# Cultural Classification with Transformer Architecture

# Working with Colab

In [None]:
# Mount Drive folder
from google.colab import drive
drive.mount('/content/drive/')


In [None]:
%cp -r drive/MyDrive/AIRO\ \S2/MNLP/MNLP_Homework1/mirror/ .
%cd mirror

In [None]:
# Import for load dataset 
from CU_Dataset_Factory import Hf_Loader, Local_Loader, CU_Dataset_Factory
# Import Datases for work with Transformers by Hugging-Face
from datasets import Dataset
from datasets import Features
from datasets import Split, Value
from transformers import EarlyStoppingCallback
from time import time

## Global Notebook Variables

In [None]:
is_train = True

## Load Dataset

Choose appropriate features.
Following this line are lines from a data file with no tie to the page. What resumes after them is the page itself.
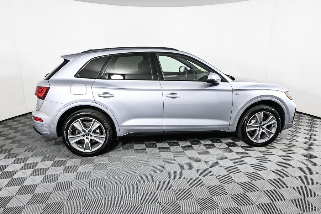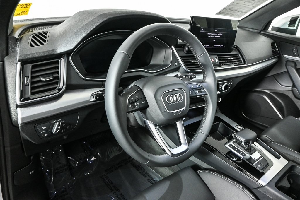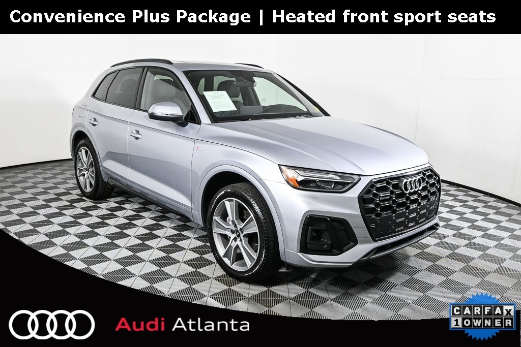The 2025 Audi Q5 S line 45 TFSI quattro in Florett Silver Metallic with Black Leather and Rock Gray stitching blends refined design with dynamic all-weather capability. Equipped with a turbocharged 2.0L engine and quattro® all-wheel drive, it delivers confident performance and premium comfort in every drive. Inside, the cabin surrounds occupants with cutting-edge technology, fine materials, and versatile space ��" showcasing the perfect balance of luxury and practicality.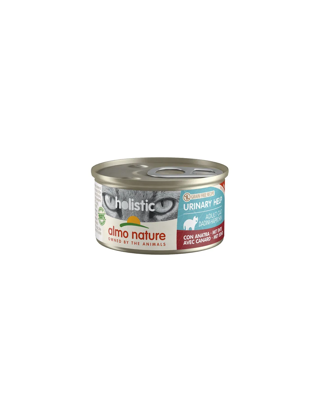 Almo Cat Holistic Urinary Help with Duck es un producto alimenticio y no un medicamento; sin embargo, ha sido formulado prestando atención a la seguridad y el bienestar del gato. El uso regular garantiza una buena tolerabilidad y el mantenimiento de las condiciones generales de salud, favoreciendo un equilibrio óptimo del sistema urinario sin riesgos de efectos secundarios propios de los preparados farmacológicos.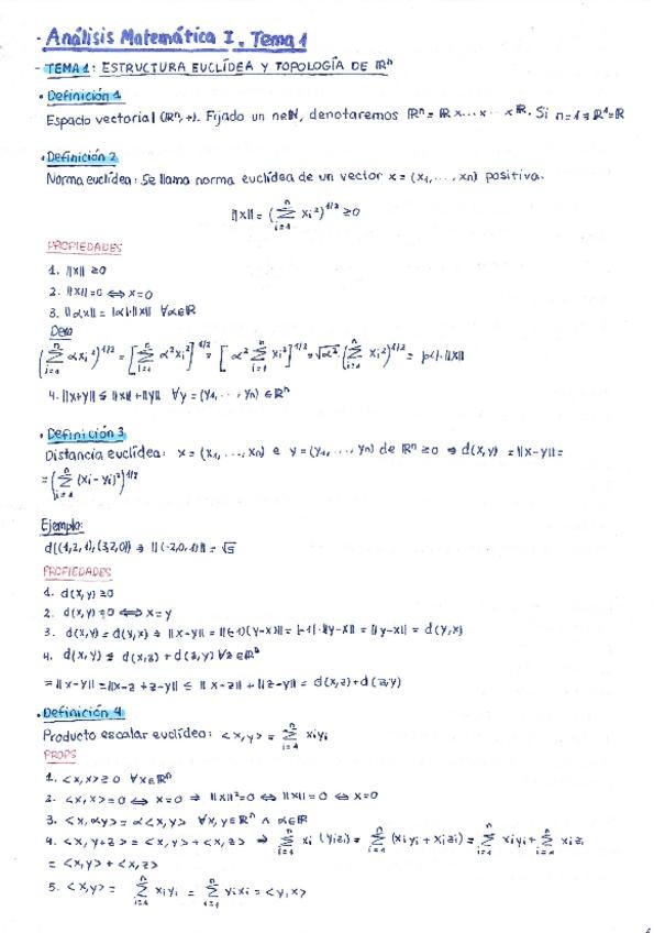 Apuntes completos del Tema 1 - Estructura Euclídea y Topología - Análisis Matemático I (25/26). Incluye teoría y ejercicios resueltos. Grado en Ingeniería Física y Matemática (ULPGC). ‼️También Disponible Temas 2, 3, 4 en mi perfil ‼️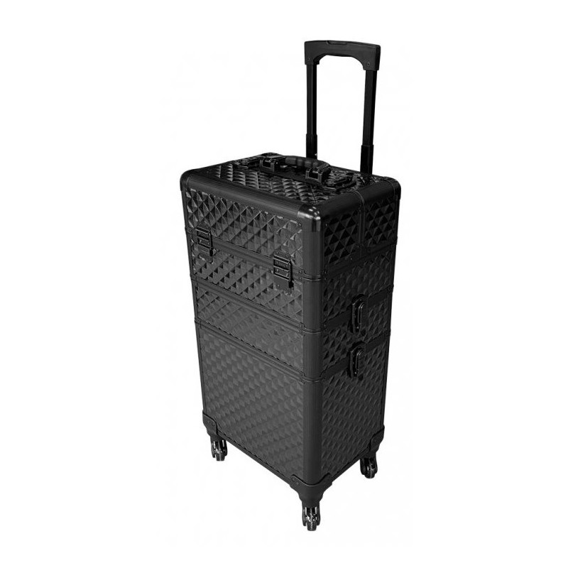 Černý multifunkční kufr na kolečkách. Kufr lze zmenšit o středovou část nebo lze použít vršek jako samostatný kufřík.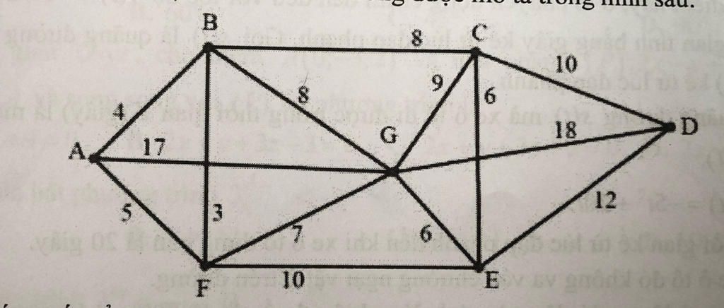 Một bác Shipper giao hàng xuất phát từ kho A để lấy hàng và đi giao tất cả các con đường sau đó lại trở về kho A để trả lại những hàng hóa mà khách hàng chưa nhận. Con đường có sơ đồ và thời gian giao hàng (phút) trên mỗi con đường được mô tả trong hình sau: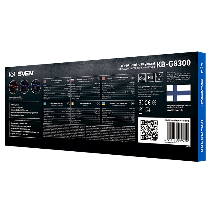 Клавиатура проводная игровая SVEN KB-G8300, подсветка RGB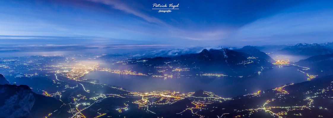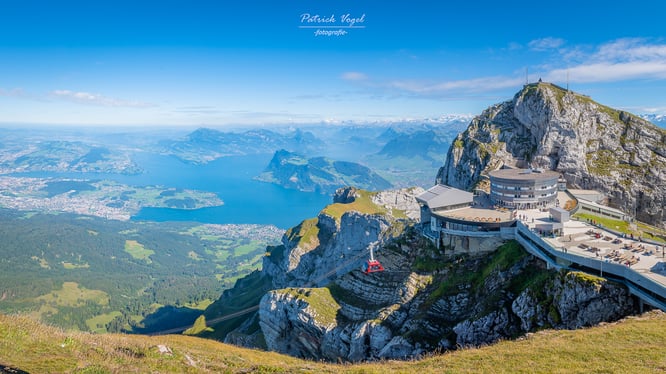 Blick vom Pilatus über Luzern und den Vierwaldstättersee hinüber zur Rigi.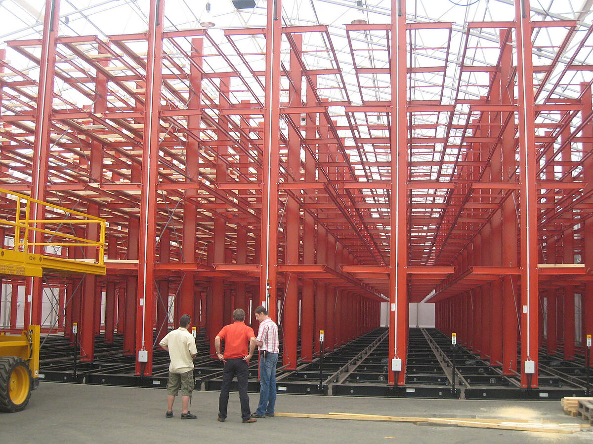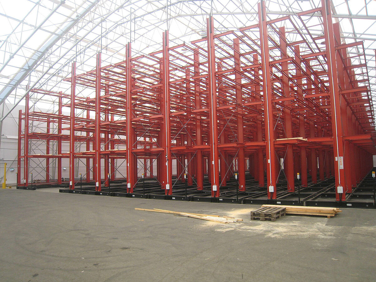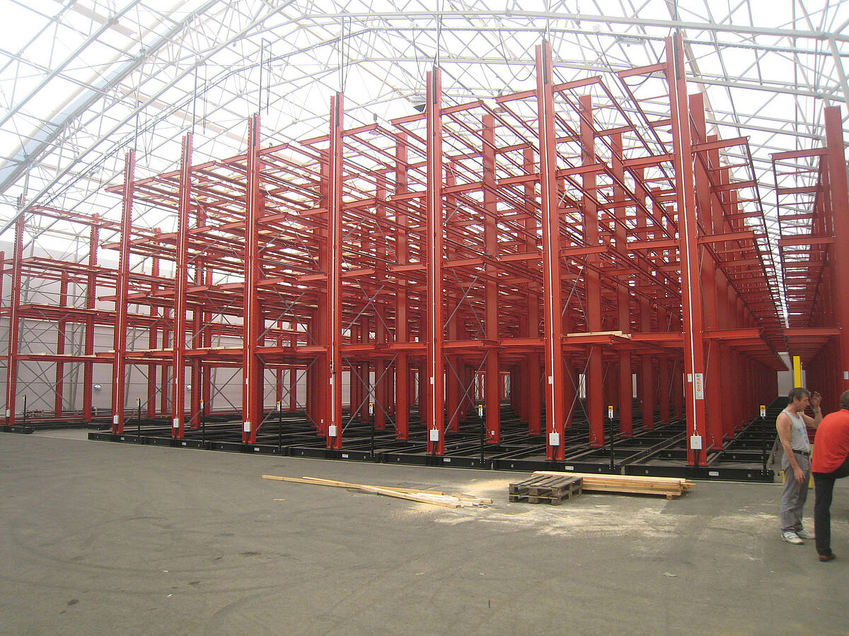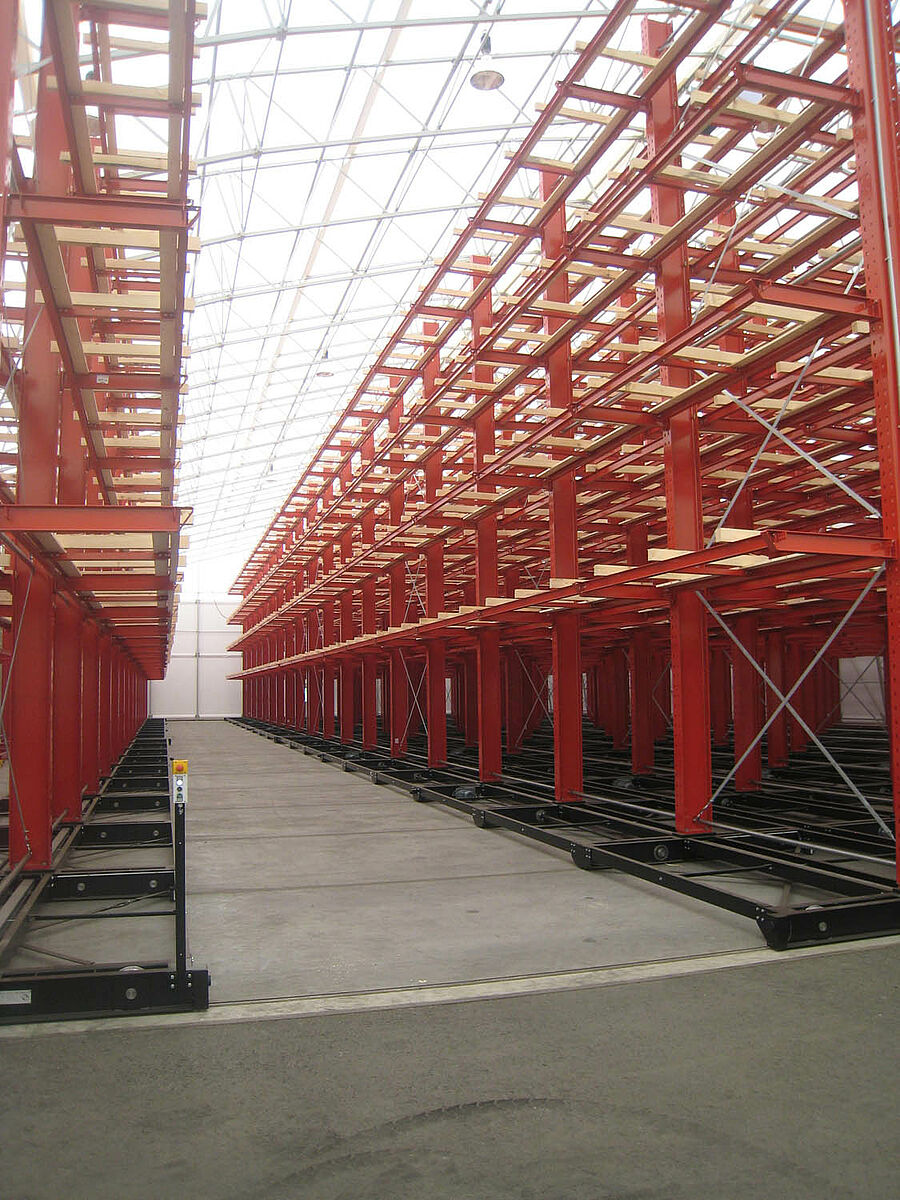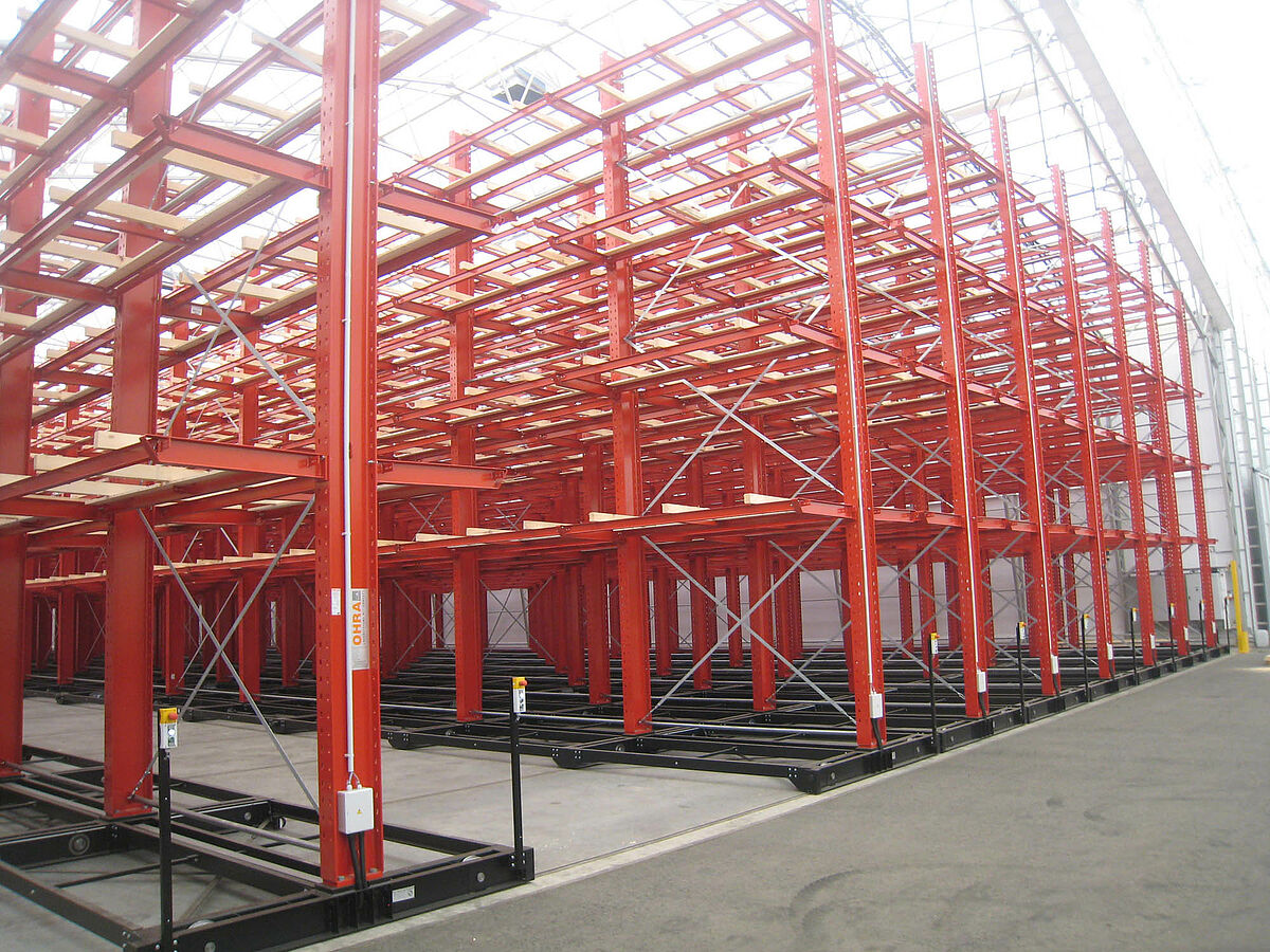 OHRA übernahm den Aufbau der kompletten Regalanlage. Dazu gehörte auch die Montage der für die Verfahrwagen benötigten Schienen, die noch vor dem Bau der eigentlichen Halle im Freien stattfand. Von den insgesamt zehn 60 Meter langen und mit vier bis fünf Ebenen bis zu 9,2 Meter hohen Kragarmregalen wurden zwei fest im Boden verschraubt. Die restlichen acht wurden auf 58 Meter langen Verfahrwagen von OHRA montiert. Die Verfahrwagen werden elektrisch angetrieben und lassen sich über eine Fernsteuerung vom Stapler aus auseinanderfahren. Nur die gewünschte Gasse öffnet sich – so wird die Lagerkapazität auf einer vorhandenen Fläche nahezu verdoppelt.

Avaiable features are

* *'description'* - sintetic Wikidata description for item
* *'intro'* - Wikipedia page introduction
* *'full_page*' - full Wikipedia plain-text


In [None]:
fe = 'intro'

In [None]:
train_file      = "train.csv" #@param {type:"string"}
validation_file = "validation.csv" #@param {type:"string"}

#################################################################
# not modify this row for testing       purpose                 #
test_file       = "tr_test.tsv"         #@param {type:"string"} #
#################################################################

In [None]:
factory = CU_Dataset_Factory(f'./experiment_n{time()}')
if is_train:
    train_l = Hf_Loader("sapienzanlp/nlp2025_hw1_cultural_dataset", 'train')
    validation_l = Hf_Loader("sapienzanlp/nlp2025_hw1_cultural_dataset", 'validation')

In [None]:
if is_train:
    train = factory.produce(train_l, 'tr_train.tsv', [fe], 'label', 10, False, False)
    validation  = factory.produce(validation_l, 'tr_validation.tsv', [fe], 'label', 10,False, False)

In [None]:
if is_train:
    train_data = train[['label', fe]].rename({fe: 'text'}, axis=1)
    validation_data = validation[['label', fe]].rename({fe: 'text'}, axis=1)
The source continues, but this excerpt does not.